Instructions for the task>
In the entries below, find the line with "Світильник відзначається стильним" and the line with "Lampiran B Cuti". Reproduce those two lines and every line between them exactly, and nothing more.

Available records>
◆ ◆ ◆ ◆ ◆ ◆ ◆

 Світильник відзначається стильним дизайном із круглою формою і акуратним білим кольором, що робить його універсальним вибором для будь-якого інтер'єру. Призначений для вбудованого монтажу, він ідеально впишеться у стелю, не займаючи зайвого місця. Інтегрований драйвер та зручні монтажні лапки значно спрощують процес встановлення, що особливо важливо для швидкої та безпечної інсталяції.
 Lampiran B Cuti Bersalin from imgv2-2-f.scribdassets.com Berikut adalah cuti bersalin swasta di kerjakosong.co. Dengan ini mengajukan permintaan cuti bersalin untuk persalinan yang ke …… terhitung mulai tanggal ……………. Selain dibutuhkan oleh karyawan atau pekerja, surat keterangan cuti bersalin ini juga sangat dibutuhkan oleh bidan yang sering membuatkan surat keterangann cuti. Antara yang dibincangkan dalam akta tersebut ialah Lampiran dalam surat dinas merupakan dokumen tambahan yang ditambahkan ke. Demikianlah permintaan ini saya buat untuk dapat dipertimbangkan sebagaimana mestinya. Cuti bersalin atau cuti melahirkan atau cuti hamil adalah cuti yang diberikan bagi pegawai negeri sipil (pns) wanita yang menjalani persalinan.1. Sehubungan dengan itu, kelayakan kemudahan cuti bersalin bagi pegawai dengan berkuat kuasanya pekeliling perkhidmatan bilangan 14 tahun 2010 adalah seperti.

◆ ◆ ◆ ◆ ◆ ◆ ◆

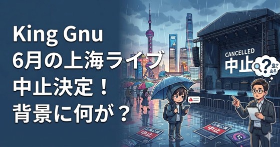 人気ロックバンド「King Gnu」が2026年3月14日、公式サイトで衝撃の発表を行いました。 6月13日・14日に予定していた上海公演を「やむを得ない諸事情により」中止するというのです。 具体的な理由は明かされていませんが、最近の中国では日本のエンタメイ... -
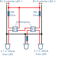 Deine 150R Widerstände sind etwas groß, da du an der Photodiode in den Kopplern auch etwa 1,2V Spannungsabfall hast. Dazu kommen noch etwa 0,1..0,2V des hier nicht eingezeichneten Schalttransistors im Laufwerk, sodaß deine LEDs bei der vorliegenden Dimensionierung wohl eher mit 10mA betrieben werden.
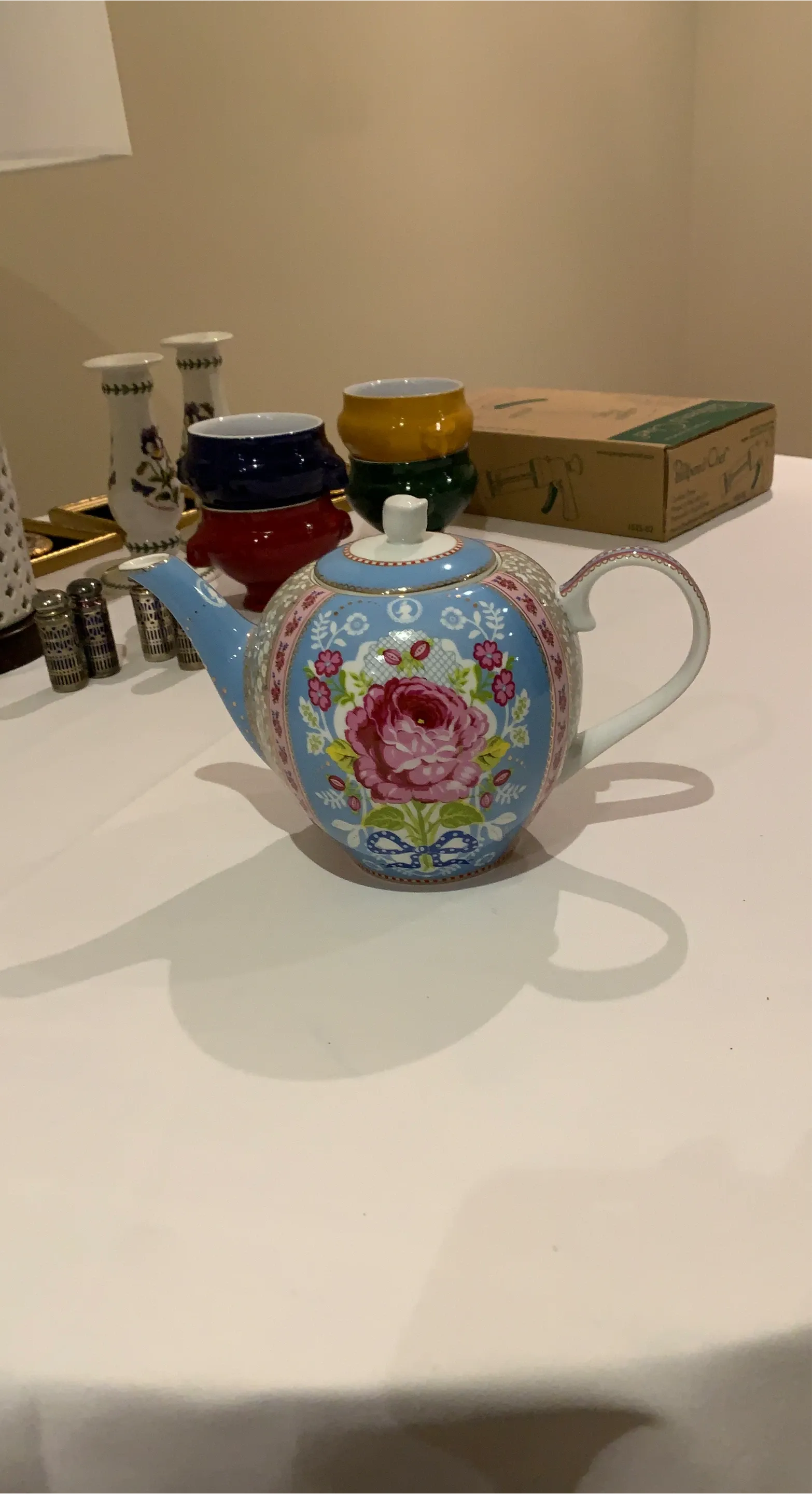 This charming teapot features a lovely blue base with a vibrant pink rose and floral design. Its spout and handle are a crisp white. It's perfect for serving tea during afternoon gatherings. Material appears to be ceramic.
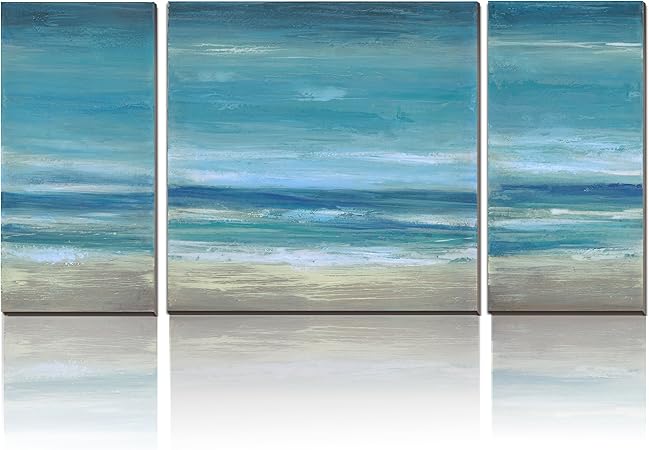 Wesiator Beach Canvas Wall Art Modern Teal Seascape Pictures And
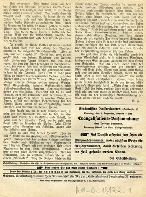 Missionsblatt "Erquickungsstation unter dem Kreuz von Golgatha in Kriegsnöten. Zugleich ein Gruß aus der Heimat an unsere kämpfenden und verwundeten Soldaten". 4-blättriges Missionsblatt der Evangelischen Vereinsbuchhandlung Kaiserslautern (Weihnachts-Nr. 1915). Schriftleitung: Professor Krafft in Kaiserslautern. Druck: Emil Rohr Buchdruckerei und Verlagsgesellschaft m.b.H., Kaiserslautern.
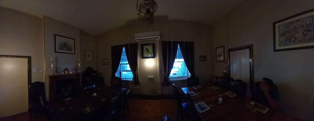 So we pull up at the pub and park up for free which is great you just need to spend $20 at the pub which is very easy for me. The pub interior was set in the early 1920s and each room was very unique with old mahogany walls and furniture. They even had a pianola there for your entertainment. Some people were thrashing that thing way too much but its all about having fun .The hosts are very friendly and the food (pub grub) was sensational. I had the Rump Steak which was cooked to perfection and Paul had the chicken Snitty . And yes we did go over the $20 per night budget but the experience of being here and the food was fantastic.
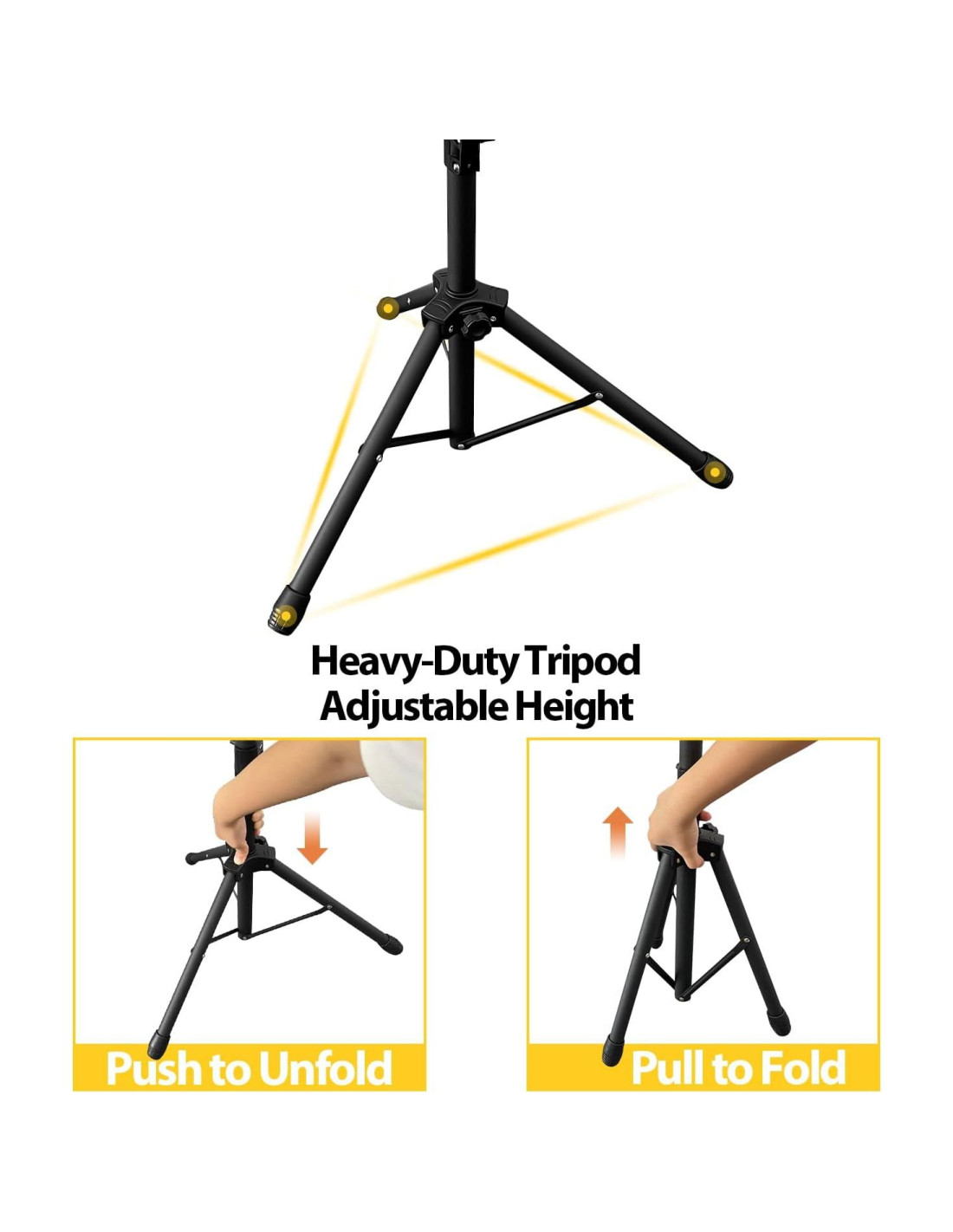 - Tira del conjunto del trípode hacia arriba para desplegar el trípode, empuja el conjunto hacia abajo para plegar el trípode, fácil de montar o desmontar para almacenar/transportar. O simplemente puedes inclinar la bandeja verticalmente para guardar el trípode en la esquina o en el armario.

◆ ◆ ◆ ◆ ◆ ◆ ◆

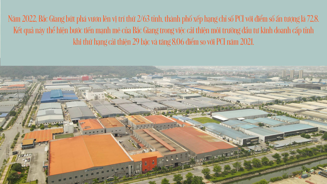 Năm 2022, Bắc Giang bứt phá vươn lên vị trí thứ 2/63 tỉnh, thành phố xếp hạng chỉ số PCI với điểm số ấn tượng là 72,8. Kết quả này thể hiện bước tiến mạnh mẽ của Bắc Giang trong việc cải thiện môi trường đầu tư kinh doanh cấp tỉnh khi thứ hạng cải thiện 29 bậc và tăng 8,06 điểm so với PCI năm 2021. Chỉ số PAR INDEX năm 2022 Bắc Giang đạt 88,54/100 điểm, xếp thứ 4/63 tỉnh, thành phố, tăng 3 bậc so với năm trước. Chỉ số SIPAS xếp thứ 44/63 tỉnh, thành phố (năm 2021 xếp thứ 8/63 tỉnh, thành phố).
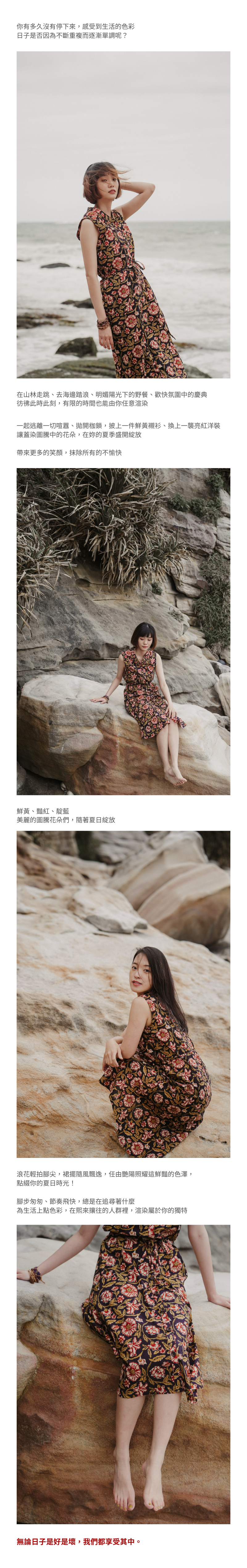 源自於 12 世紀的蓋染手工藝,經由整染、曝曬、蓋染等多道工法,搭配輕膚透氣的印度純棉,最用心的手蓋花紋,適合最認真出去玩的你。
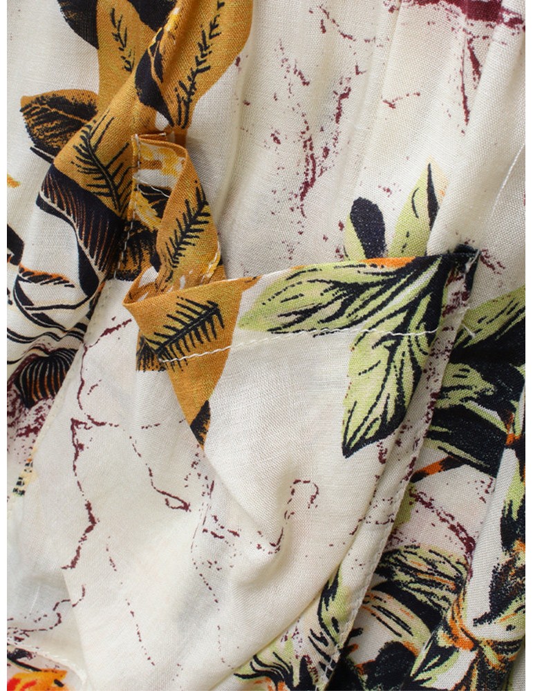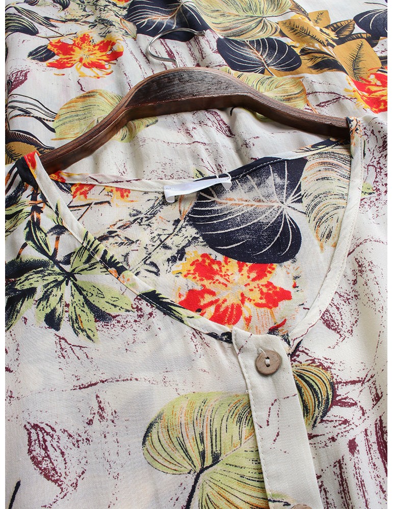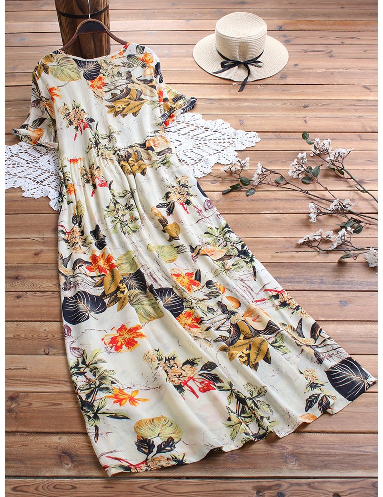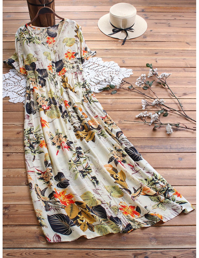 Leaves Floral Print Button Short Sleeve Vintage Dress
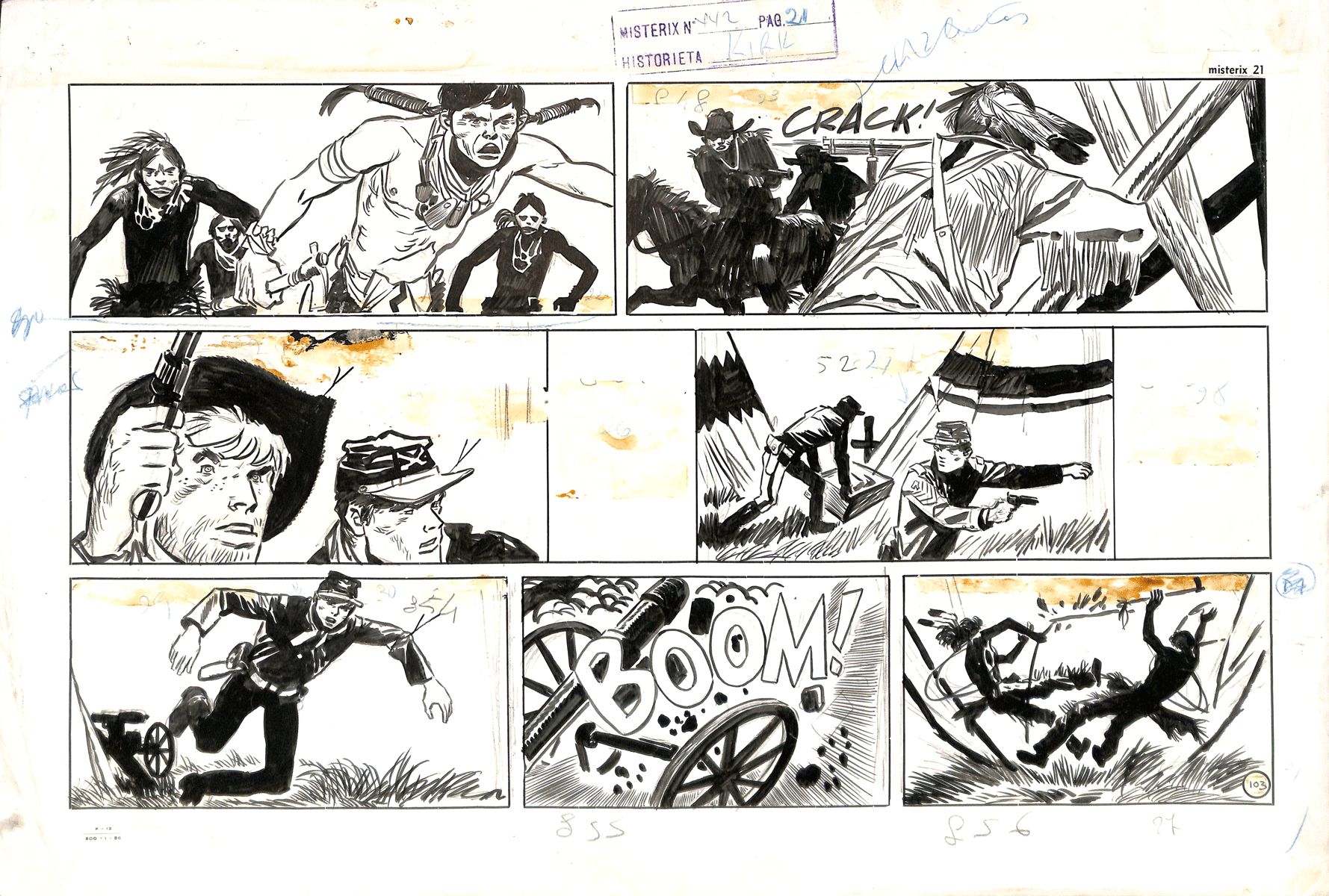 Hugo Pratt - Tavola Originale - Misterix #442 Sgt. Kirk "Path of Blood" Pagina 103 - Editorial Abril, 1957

◆ ◆ ◆ ◆ ◆ ◆ ◆

Result below>
 Світильник відзначається стильним дизайном із круглою формою і акуратним білим кольором, що робить його універсальним вибором для будь-якого інтер'єру. Призначений для вбудованого монтажу, він ідеально впишеться у стелю, не займаючи зайвого місця. Інтегрований драйвер та зручні монтажні лапки значно спрощують процес встановлення, що особливо важливо для швидкої та безпечної інсталяції.
 Lampiran B Cuti Bersalin from imgv2-2-f.scribdassets.com Berikut adalah cuti bersalin swasta di kerjakosong.co. Dengan ini mengajukan permintaan cuti bersalin untuk persalinan yang ke …… terhitung mulai tanggal ……………. Selain dibutuhkan oleh karyawan atau pekerja, surat keterangan cuti bersalin ini juga sangat dibutuhkan oleh bidan yang sering membuatkan surat keterangann cuti. Antara yang dibincangkan dalam akta tersebut ialah Lampiran dalam surat dinas merupakan dokumen tambahan yang ditambahkan ke. Demikianlah permintaan ini saya buat untuk dapat dipertimbangkan sebagaimana mestinya. Cuti bersalin atau cuti melahirkan atau cuti hamil adalah cuti yang diberikan bagi pegawai negeri sipil (pns) wanita yang menjalani persalinan.1. Sehubungan dengan itu, kelayakan kemudahan cuti bersalin bagi pegawai dengan berkuat kuasanya pekeliling perkhidmatan bilangan 14 tahun 2010 adalah seperti.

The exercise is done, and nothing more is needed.